Task requirements — The answer must be an exact reprint of the lines from the one with "organizadas y exitosas." through the final line of the data, with no pictures included.

Information shown —

###

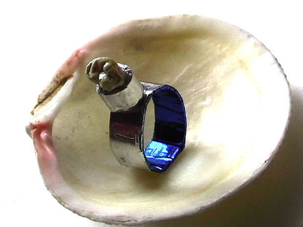 Me inspiré en Melbourne artista Polly Van Der Glas. Primera vez que vi sus anillos de dientes me hicieron reír. Para mí, la idea de utilizar los dientes en un anillo trae la pregunta ¿por qué valoramos las rocas brillantes como piedras preciosas? Creo que se reduce a la habilidad o el artista.
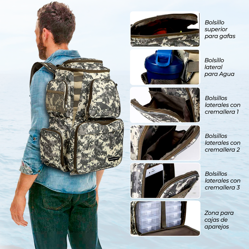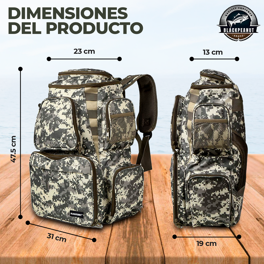 • Ya seas aficionado o experto, esta mochila se convertirá en tu mejor aliada. Con espacio amplio, cajas incluidas y materiales de calidad, tendrás todo lo necesario para que tus jornadas de pesca sean más cómodas, organizadas y exitosas.
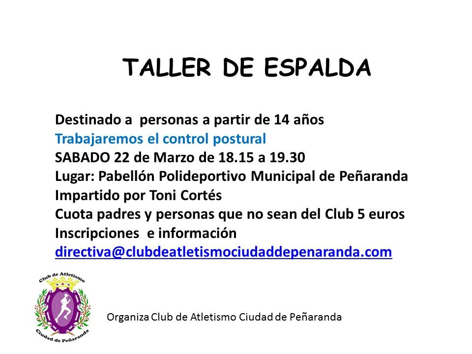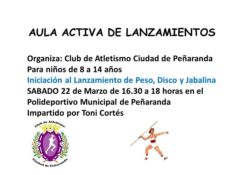 El Club de Atletismo "CIUDAD DE PEÑARANDA" Organizó el sábado día 22 de marzo por la tarde, de nuevo, dos de sus Actividades programadas para la Temporada. Impartidas por Toni Cortés, y que seguirá realizando cada mes, si es posible, para la diversión y aprendizaje de los más pequeños y para mejorar la salud de los adultos.

###

Answer to this exercise —
 • Ya seas aficionado o experto, esta mochila se convertirá en tu mejor aliada. Con espacio amplio, cajas incluidas y materiales de calidad, tendrás todo lo necesario para que tus jornadas de pesca sean más cómodas, organizadas y exitosas.
 El Club de Atletismo "CIUDAD DE PEÑARANDA" Organizó el sábado día 22 de marzo por la tarde, de nuevo, dos de sus Actividades programadas para la Temporada. Impartidas por Toni Cortés, y que seguirá realizando cada mes, si es posible, para la diversión y aprendizaje de los más pequeños y para mejorar la salud de los adultos.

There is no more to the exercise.